▸ **Work order**
Pictures excluded, please transcribe exactly the lines from the one with "Representative (A) color" through the end of the records below, and nothing more.

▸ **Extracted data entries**
——

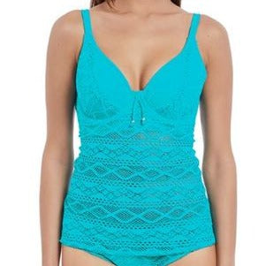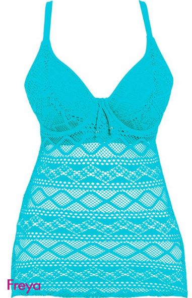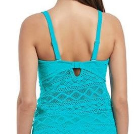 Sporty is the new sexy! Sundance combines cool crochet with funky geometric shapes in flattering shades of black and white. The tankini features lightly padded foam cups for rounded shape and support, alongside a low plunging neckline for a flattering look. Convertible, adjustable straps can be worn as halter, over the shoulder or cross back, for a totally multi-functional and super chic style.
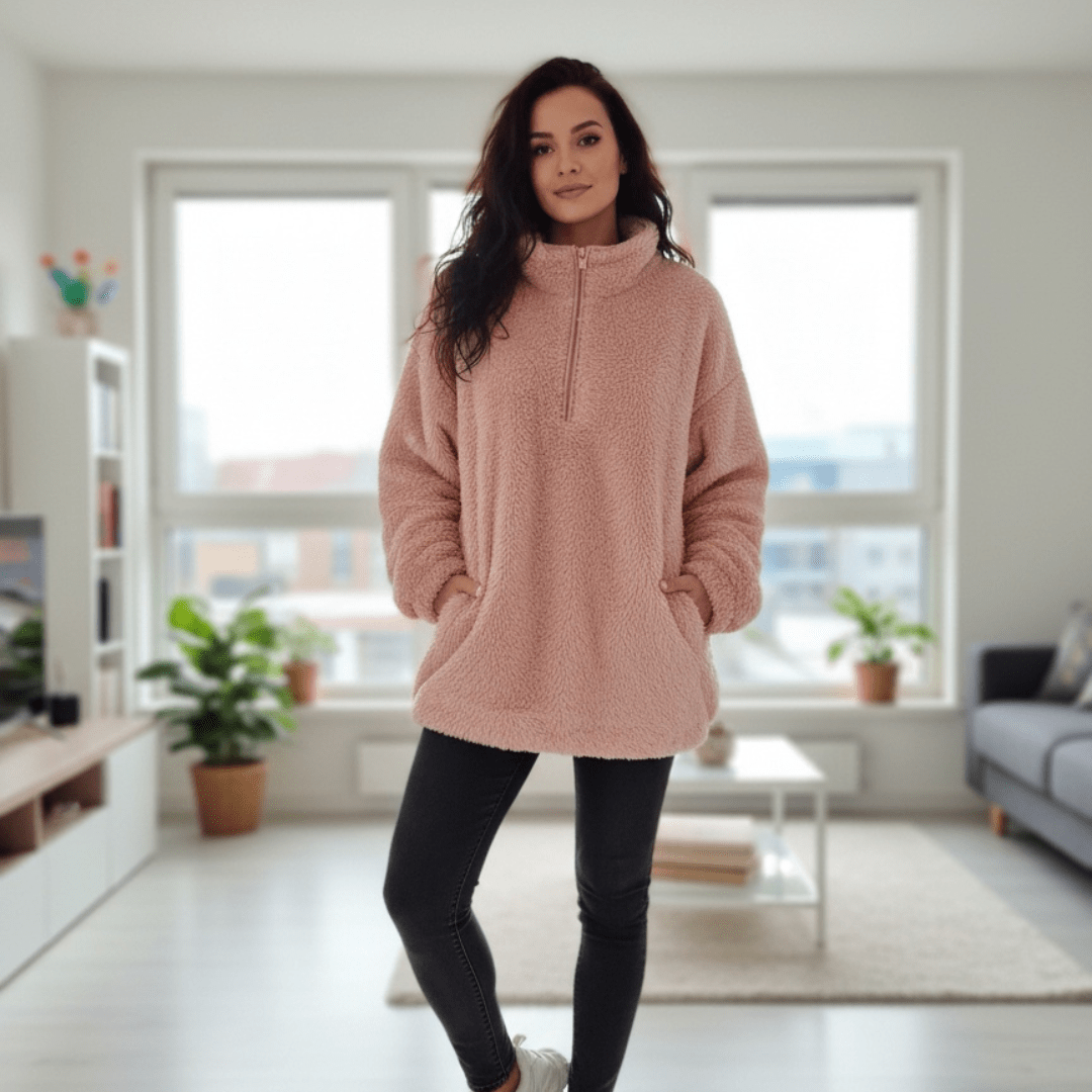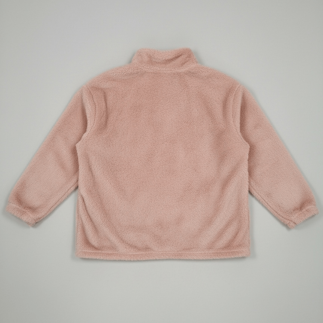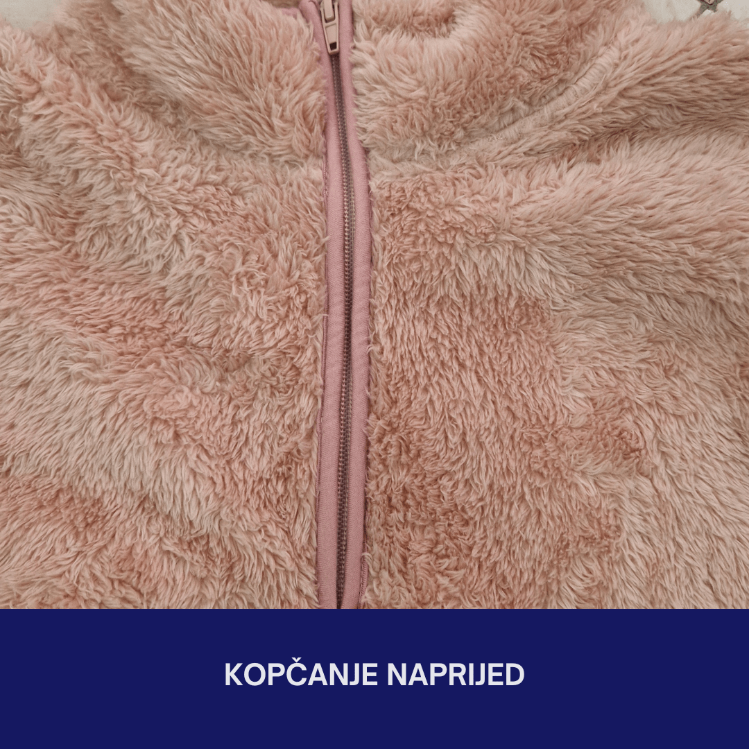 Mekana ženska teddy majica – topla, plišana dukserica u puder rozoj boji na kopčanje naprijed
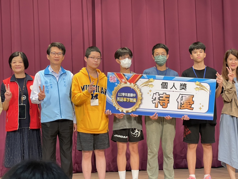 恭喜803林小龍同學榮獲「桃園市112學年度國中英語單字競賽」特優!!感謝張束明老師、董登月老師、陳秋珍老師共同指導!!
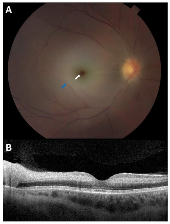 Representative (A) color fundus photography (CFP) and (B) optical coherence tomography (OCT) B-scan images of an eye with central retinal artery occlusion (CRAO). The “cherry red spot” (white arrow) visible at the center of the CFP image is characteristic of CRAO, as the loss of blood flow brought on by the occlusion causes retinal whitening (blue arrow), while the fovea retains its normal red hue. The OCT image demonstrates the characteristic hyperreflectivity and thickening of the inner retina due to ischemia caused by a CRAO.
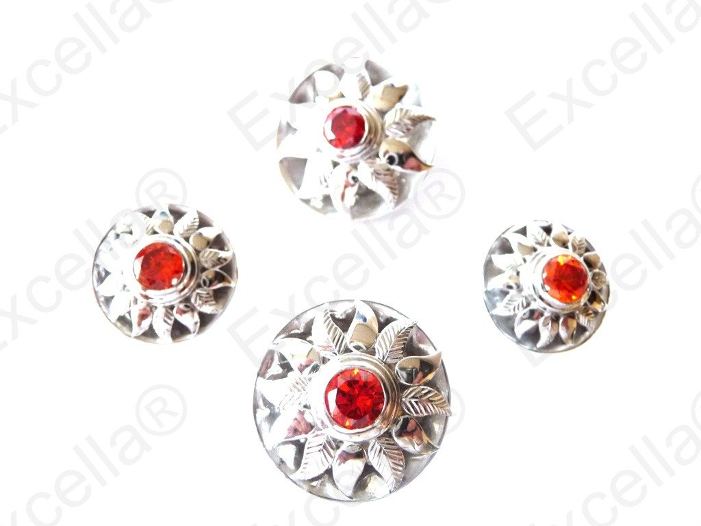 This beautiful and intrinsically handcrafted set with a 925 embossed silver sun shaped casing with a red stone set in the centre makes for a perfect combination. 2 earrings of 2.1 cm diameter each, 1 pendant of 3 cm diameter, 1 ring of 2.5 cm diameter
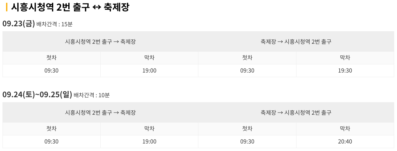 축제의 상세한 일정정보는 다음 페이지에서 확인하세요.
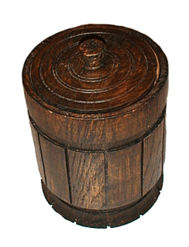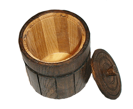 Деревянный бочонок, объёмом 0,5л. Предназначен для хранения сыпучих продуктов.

——

▸ **Reply**
 Representative (A) color fundus photography (CFP) and (B) optical coherence tomography (OCT) B-scan images of an eye with central retinal artery occlusion (CRAO). The “cherry red spot” (white arrow) visible at the center of the CFP image is characteristic of CRAO, as the loss of blood flow brought on by the occlusion causes retinal whitening (blue arrow), while the fovea retains its normal red hue. The OCT image demonstrates the characteristic hyperreflectivity and thickening of the inner retina due to ischemia caused by a CRAO.
 This beautiful and intrinsically handcrafted set with a 925 embossed silver sun shaped casing with a red stone set in the centre makes for a perfect combination. 2 earrings of 2.1 cm diameter each, 1 pendant of 3 cm diameter, 1 ring of 2.5 cm diameter
 축제의 상세한 일정정보는 다음 페이지에서 확인하세요.
 Деревянный бочонок, объёмом 0,5л. Предназначен для хранения сыпучих продуктов.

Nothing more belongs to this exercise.